What the task requires:
In the listing below, find the line with "Chan và một" and the line with "Czapka zimowa damska". Repeat those two lines and all lines between them exactly.

Task material:
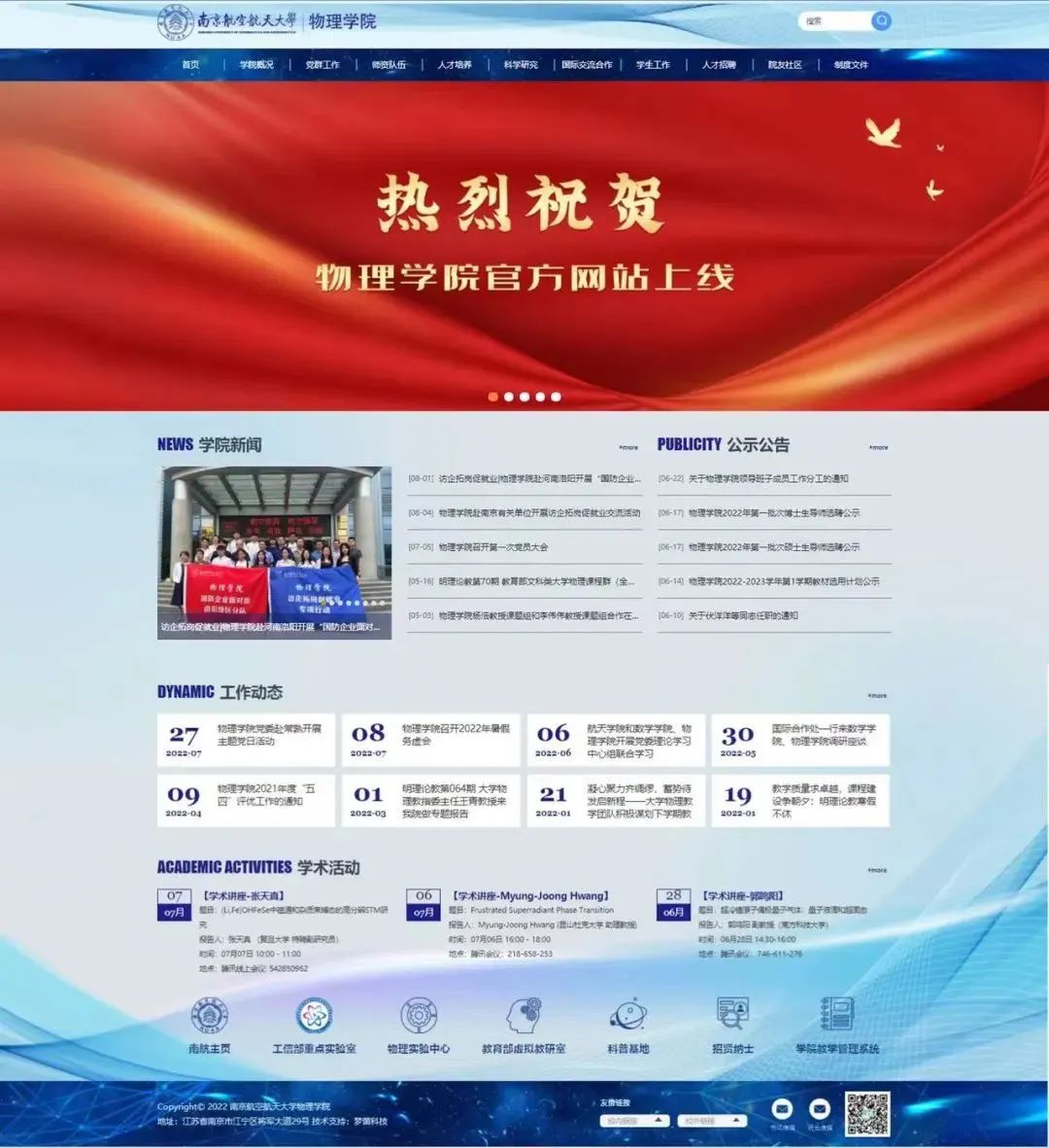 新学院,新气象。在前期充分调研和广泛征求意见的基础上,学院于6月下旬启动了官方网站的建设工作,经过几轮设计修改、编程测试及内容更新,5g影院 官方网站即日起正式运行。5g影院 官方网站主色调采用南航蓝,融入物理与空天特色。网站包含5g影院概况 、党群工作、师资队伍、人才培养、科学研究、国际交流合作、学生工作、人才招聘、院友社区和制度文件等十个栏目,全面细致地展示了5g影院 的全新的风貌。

==

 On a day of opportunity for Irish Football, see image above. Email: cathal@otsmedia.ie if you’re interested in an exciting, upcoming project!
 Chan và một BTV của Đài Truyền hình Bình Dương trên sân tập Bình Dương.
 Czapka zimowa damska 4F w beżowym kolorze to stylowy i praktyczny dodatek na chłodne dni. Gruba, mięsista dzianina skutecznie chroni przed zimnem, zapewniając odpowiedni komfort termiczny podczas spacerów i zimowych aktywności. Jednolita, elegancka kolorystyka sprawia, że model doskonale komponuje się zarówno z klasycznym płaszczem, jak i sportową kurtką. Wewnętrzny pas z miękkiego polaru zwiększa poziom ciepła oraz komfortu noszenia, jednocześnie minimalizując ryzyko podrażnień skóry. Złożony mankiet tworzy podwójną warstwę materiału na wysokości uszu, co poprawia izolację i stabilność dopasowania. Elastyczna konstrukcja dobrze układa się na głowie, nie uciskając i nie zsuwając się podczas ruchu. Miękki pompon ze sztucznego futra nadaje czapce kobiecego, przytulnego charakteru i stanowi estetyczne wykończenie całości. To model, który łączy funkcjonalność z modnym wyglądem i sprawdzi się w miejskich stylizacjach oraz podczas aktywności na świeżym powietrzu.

--

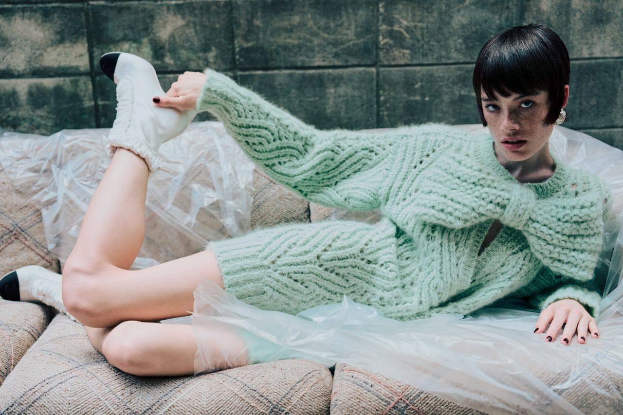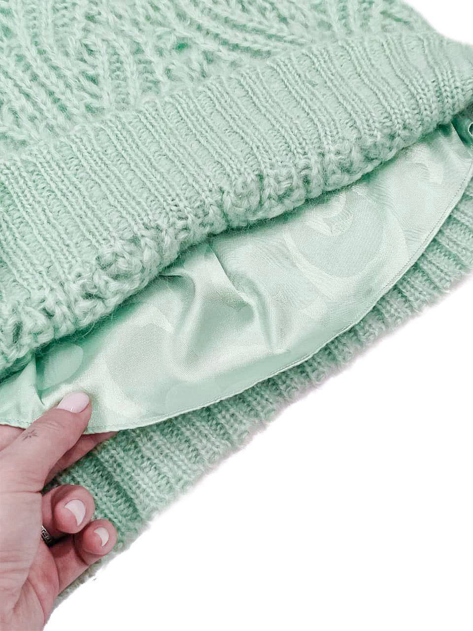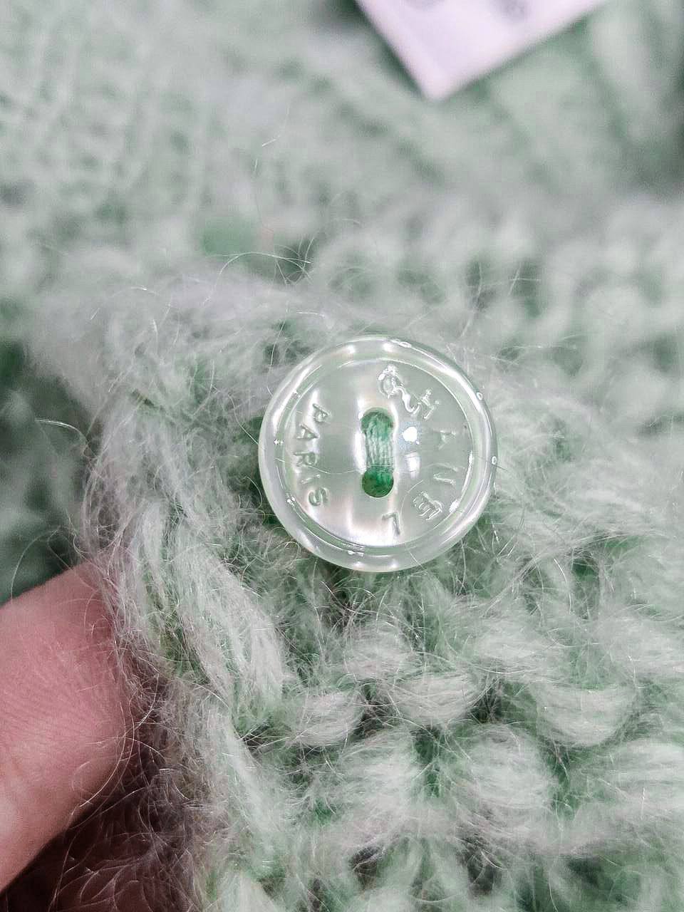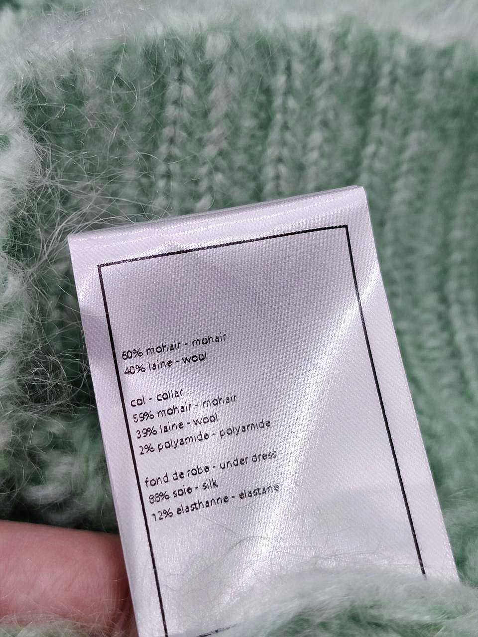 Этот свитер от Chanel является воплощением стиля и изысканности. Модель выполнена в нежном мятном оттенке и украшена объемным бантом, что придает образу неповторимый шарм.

Solved exercise:
 Chan và một BTV của Đài Truyền hình Bình Dương trên sân tập Bình Dương.
 Czapka zimowa damska 4F w beżowym kolorze to stylowy i praktyczny dodatek na chłodne dni. Gruba, mięsista dzianina skutecznie chroni przed zimnem, zapewniając odpowiedni komfort termiczny podczas spacerów i zimowych aktywności. Jednolita, elegancka kolorystyka sprawia, że model doskonale komponuje się zarówno z klasycznym płaszczem, jak i sportową kurtką. Wewnętrzny pas z miękkiego polaru zwiększa poziom ciepła oraz komfortu noszenia, jednocześnie minimalizując ryzyko podrażnień skóry. Złożony mankiet tworzy podwójną warstwę materiału na wysokości uszu, co poprawia izolację i stabilność dopasowania. Elastyczna konstrukcja dobrze układa się na głowie, nie uciskając i nie zsuwając się podczas ruchu. Miękki pompon ze sztucznego futra nadaje czapce kobiecego, przytulnego charakteru i stanowi estetyczne wykończenie całości. To model, który łączy funkcjonalność z modnym wyglądem i sprawdzi się w miejskich stylizacjach oraz podczas aktywności na świeżym powietrzu.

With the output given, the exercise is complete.